The United States Pharmacopoeia (USP) develops and disseminates compendial quality standards for drug products and other pharmaceutical products, including the dissolution testing methods routinely used in industry and typically accepted by FDA. The USP Dissolution Testing Apparatus I is commonly used as an analytical tool to evaluate the performance of solid drug products and to determine if a drug formulation is within the acceptance standard criteria. In this test the drug oral dosage form, typically a tablet, is placed in a perforated basket immersed in a small volume-vessel and rotating at constant fixed speed. The tablet dissolution process is followed over time by taking samples from the liquid and determining the dissolved drug concentration. Several reports in the literature have indicated that there is considerable variability in the dissolution profiles obtained with this dissolution testing apparatus.
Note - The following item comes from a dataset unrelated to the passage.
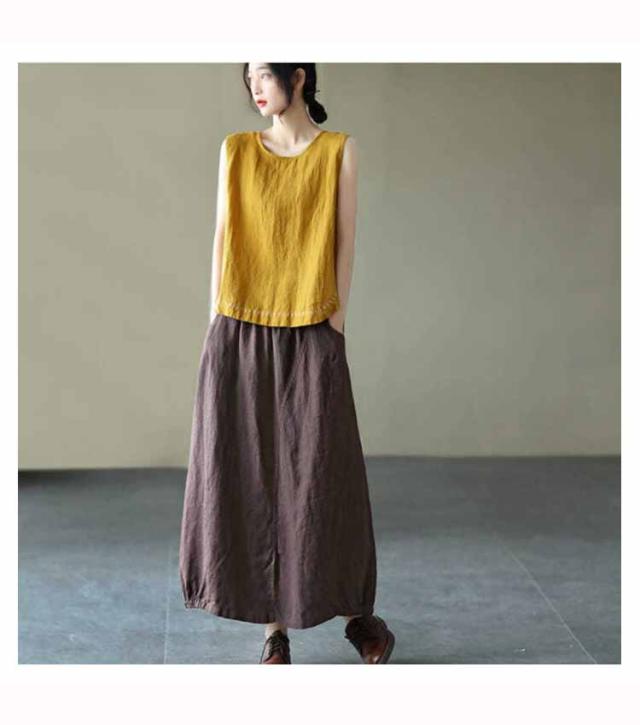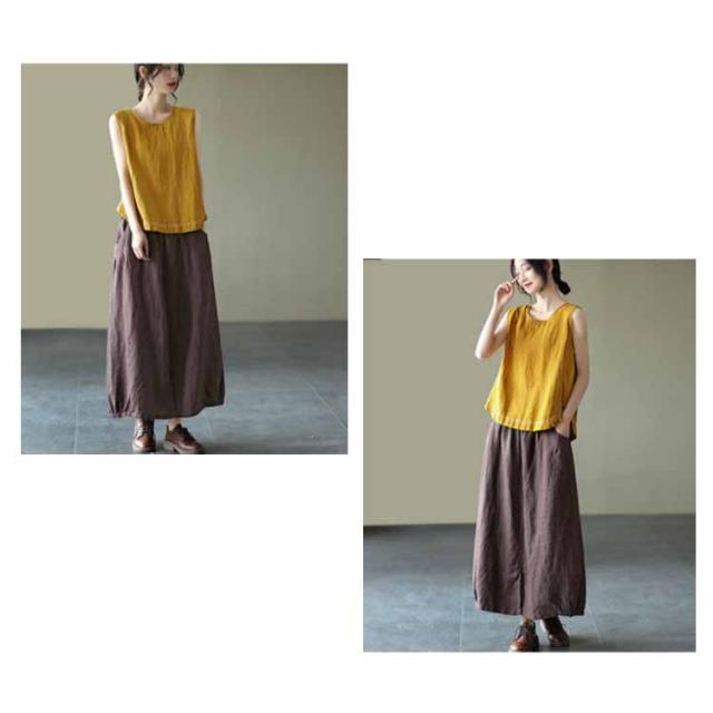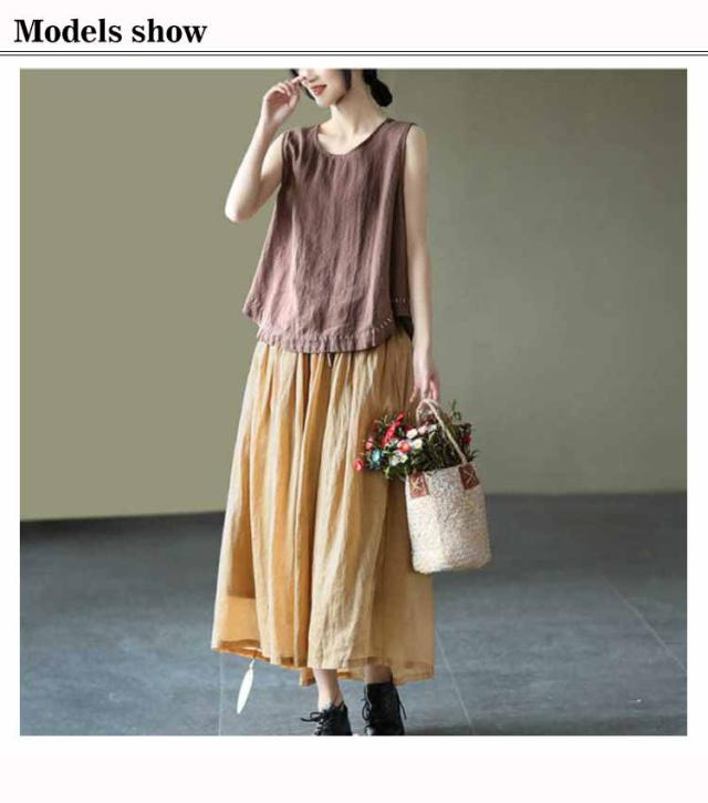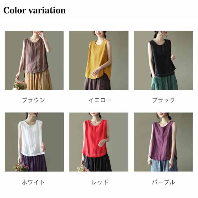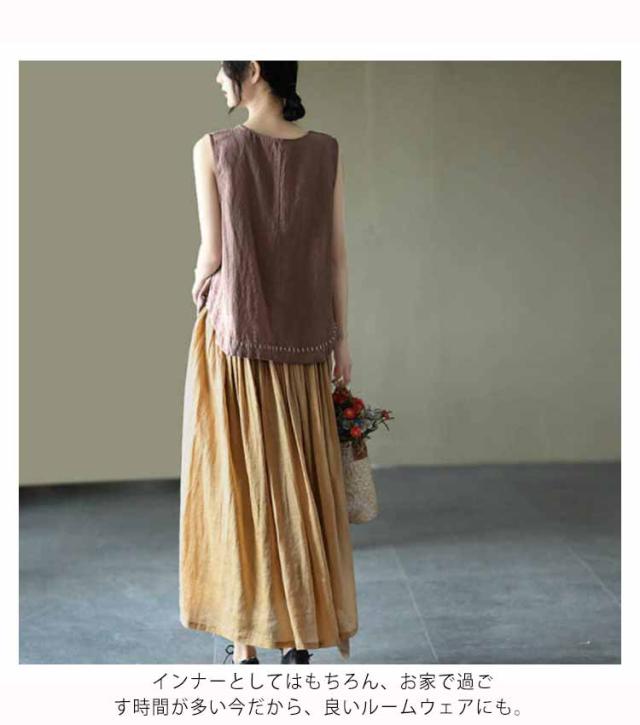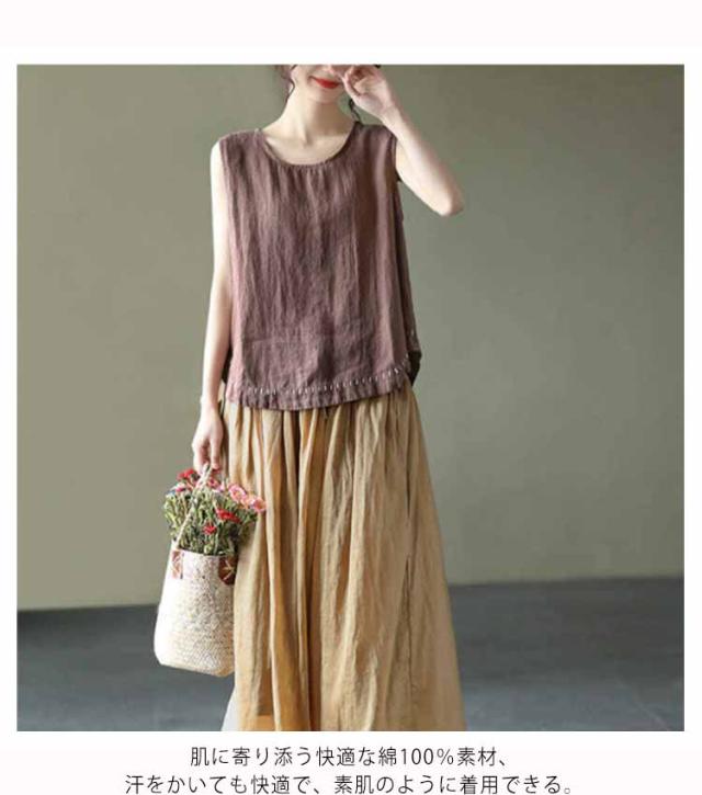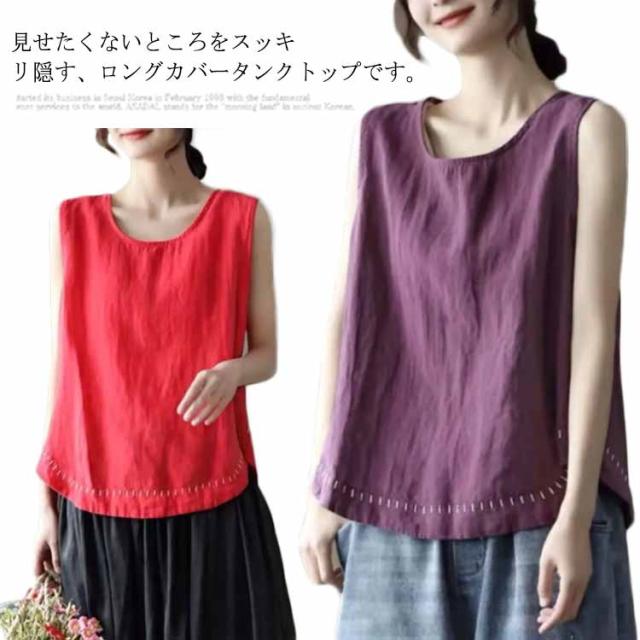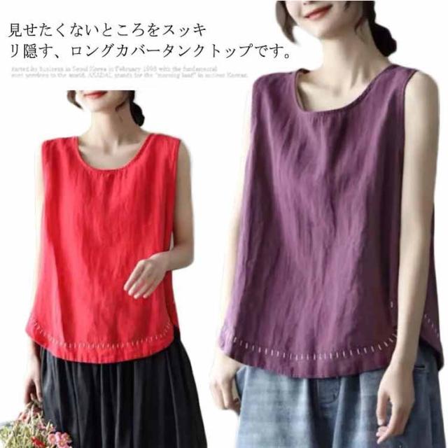タンクトップ 綿100 レディース ラウンドネック ロング丈 カジュアル カバー ロングタンクトップ 刺? ナチュラル ブラウン イエロー ブラック ホワイト レッド パープル 送料無料

One of the most likely reasons for this is the susceptibility of the apparatus to small variation in the system’s geometry often introduced through minor deviations of the actual system from perfect symmetry or the use of baskets of different mesh sizes. The objective of this work was to determine the fluid flow in the dissolution apparatus with standard basket mesh size under different operating conditions using Particle Image Velocimetry (PIV) as an experimental tool and to investigate and compare the velocity distribution profiles obtained using different basket mesh sizes. The results indicate that variation in geometric parameters and operating variables within standard criteria appear to significantly affect the hydrodynamics of these systems contributing to the variability of dissolution testing results. The results of this work can provide a better understanding of the hydrodynamic factors affecting the dissolution process in this apparatus and indicate possible approaches to minimize variation in dissolution test results.